E Sebastian Stan não poderia ser a melhor escolha para viver esse galã às avessas de porte refinado. Aqui, seu charme e carisma nos tomam pela mão tal como acontece com a jovem Noa (Daisy Edgar Jones), que cansada dos frustrantes encontros românticos com caras achados no Tinder, prefere dar uma chance ao formato analógico de se relacionar. Mas o que nem a internet e nem um relacionamento de poucas semanas poderiam evidenciar acaba acontecendo. E um inesperado, voraz e doentio apetite nos é revelado, deste homem que – agora – se parece mesmo é com um genuíno chupa cabra.

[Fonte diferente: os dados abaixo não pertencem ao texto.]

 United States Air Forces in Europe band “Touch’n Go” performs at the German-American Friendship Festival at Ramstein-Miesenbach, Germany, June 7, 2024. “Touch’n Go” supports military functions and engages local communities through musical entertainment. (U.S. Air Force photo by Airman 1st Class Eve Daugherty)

Mimi Cave e Lauryn Kahn se unem para entregar um inesperado terror cômico, do tipo que desperta na audiência as experiências sensoriais mais inusitadas e contrastantes. Entre o nojo e o horror paira um humor indelicado, inesperado e contagiante. Em meio a dor dos nossos personagens e do absurdismo do nosso vilão, emerge uma sanguinolência surpreendente, regada por uma acidez prazerosa. Dirigido e roteirizado por mulheres, Fresh é como o próprio título imprime: Fresco, revigorante e muito enérgico.

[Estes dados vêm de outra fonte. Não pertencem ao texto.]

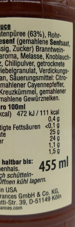 Mit einer würzigen, leicht rauchigen Note sorgt diese Sauce für den originalen BBQ-Geschmack. Hergestellt aus natürlichen Zutaten und ohne künstliche Zusatzstoffe, bietet sie eine perfekte Konsistenz für Marinaden, Dips und Glasuren. Die große 455ml Flasche ist ideal für Grillfeste und Familienessen.

Mimi faz de sua estreia na direção uma experiência à parte, explorando o design de produção de uma reclusa casa de campo para construir o horror de forma competente e envolvente. Na trama, os ambientes ajudam a ditar o ritmo narrativo e se tornam uma extensão do roteiro habilmente escrito por Khan. Uma combinação excepcional que funciona em tela, as duas se completam em sua habilidade artísticas, que ainda são regadas por um elenco de mulheres pouquíssimo conhecidas e muito talentosas, Jones e Jonica T. Gibbs.
A atmosfera conceitual nascida da direção de Mimi traz corpo à trama, promovendo uma mistura deliciosa entre o terror e o cult. Devorando nossa atenção e entusiasmo em quase duas horas de filme, Fresh nos deixa sempre à beira de uma catástrofe, nos instigando a cada novo absurdo descoberto a respeito do nosso lindo e temível vilão Steve (Stan). Diferente do que muitas vezes o gênero nos reserva, o longa brinca com a nossa percepção, desafia os nossos sentidos e pavores, dando aquela sagaz piscadela para a nova era de relacionamentos – em que tudo é digital e cada vez mais desconfiável.

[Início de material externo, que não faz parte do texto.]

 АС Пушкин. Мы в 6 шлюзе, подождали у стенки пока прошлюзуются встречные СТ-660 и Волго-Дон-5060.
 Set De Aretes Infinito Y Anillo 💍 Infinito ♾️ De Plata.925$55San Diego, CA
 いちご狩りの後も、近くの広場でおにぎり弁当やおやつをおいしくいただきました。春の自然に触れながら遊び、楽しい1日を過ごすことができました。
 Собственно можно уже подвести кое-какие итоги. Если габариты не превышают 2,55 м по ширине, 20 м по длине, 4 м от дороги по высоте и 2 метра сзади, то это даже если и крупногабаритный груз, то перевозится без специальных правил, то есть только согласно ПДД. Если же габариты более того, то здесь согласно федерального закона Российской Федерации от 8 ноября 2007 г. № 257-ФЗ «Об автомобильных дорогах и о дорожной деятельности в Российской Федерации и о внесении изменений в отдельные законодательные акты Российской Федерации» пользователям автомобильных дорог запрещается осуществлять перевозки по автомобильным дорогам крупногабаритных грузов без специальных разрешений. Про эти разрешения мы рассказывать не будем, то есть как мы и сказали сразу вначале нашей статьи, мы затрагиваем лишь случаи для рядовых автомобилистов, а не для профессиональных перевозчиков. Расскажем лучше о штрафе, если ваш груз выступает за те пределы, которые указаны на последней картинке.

Com um desfecho satisfatório, adocicado por um humor irreverente, o terror cômico é uma daquelas surpresas que revigoram não apenas o gênero, mas também a nossa percepção cinematográfica, enquanto audiência. Progressivo em sua loucura e dinâmico na relação entre seus personagens, Fresh nos é entregue como um deleite servido em uma bandeja de prata.